The next step was to make sure all regions could, in theory, handle the same amount of traffic. This was done by increasing the maximum capacity of several components. Trivago had no issues doing this on Google Cloud.
The diagram below illustrates their ingress setup at that time.
In the updated setup, incoming requests entered through Akami. Akami receives the request and sends them to the appropriate load balancer based on their location. The load balancer then forwards the request to the Istio ingress gateway in their assigned region.
Trivago also created a parallel global load balancer and attached its existing regional backends to it without having to modify the current setup. A rule was added in Akami to split traffic between regional and global load balancers to allow for proper testing.
And here’s the cool part, according to Claus. Trivago hid the routing decision behind a feature flag header which was passed all the way down to each microservice. They were able to do this as a result of separating the management of their Google Cloud ingress from their Kubernetes Ingress. This allowed Trivago to transparently route traffic even inside the Istio service mesh, based on whether traffic was regional or global. This was useful for services that were still in the process of having their locale based sharing removed or where the teams were busier about their implementation working as intended.
Running the ‘Regional Failover Test’
The move to global routing was completed just in time for the first “regional failover” test in 2021. In order to simulate a regional outage, Trivago scaled the Istio ingress gateway of one of their regions to zero.

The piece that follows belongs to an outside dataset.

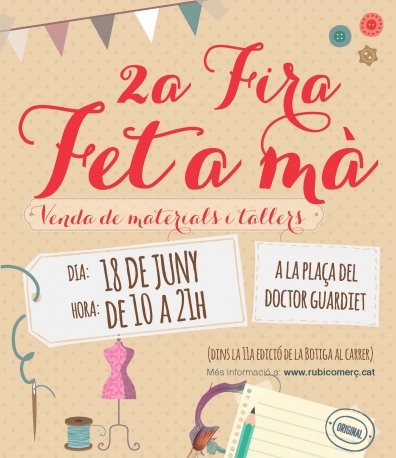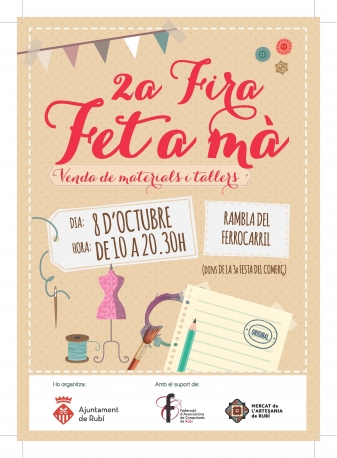 NOTA: Aquesta fira ha quedat ajornada al 8 d'octubre de 2016. El dissabte 8 d'octubre, dins la 3a edició de la Festa del Comerç, se celebrarà la 2a Fira fet a mà de Rubí a la Rambla del Ferrocarril. (…) llegir

Overall the test was a “huge success,” Claus said. The global load balancer started distributing traffic to the nearest working region within seconds. With the exception of the known issue of a few old services located in Trivago’s on-premises datacenters which still relied heavily on regional sharding, everything ran smoothly.
The testing, however, was not without surprises. The first surprise came when the Istio Gateway. When the failover test is done with a decent amount of active users on the platform, the traffic goes back to the original region at the same time, very quickly. This in turn actually forced a “load test by accident.” Trivago was able to handle all the traffic so the impact was minimal.
The second test happened when Trivago tested the Europe region. The EU traffic went to the US which was the middle of the night in the US and the US normally had little to no traffic. This was fine for Trivago’s servers, but U.S. advertisers like Expedia or booking.com‘s servers weren’t prepared for such a sizable increase in traffic and in turn, faced challenges handling the load size.
For future failover tests, Trivago will choose regions with less traffic and add a feature they call “increase based rate limiting”. This feature gives their infrastructure enough time to scale up and protects them against other traffic spikes by using a flexible threshold that automatically adjusts to traffic using a time window approach. Traffic is limited if the rate increases too fast. After some time, Trivago will increase the threshold based on demand and repeat the whole process.
Claus explained that “Another benefit of having the whole process behind a feature flag, was seeing the effects of global routing in our business metrics.” Trivago found the results quite interesting.
- For most locales, not much changed; 99% of users were routed to the same region. Trivago’s sharding was spot on.
- 47% of users distributed to two or three regions in some locales, especially those at the geographic “edge” between two Google Cloud regions.
- In about 17% of locales, more than 5% of users were affected.
In regards to the “splitting” of users, this wasn’t a huge surprise for Trivago. To put this into context, for countries like India which is at the edge between Asia and Europe from a latency perspective, Trivago predicted a “north-south” split, and that’s exactly what happened.
“All in all, we’re very happy with the results,” Claus said. The application rewrite created the changes needed for this to be possible. Microservices, Google Cloud, Kubernetes, Istio, and Kafka are some of the technologies that helped make it possible.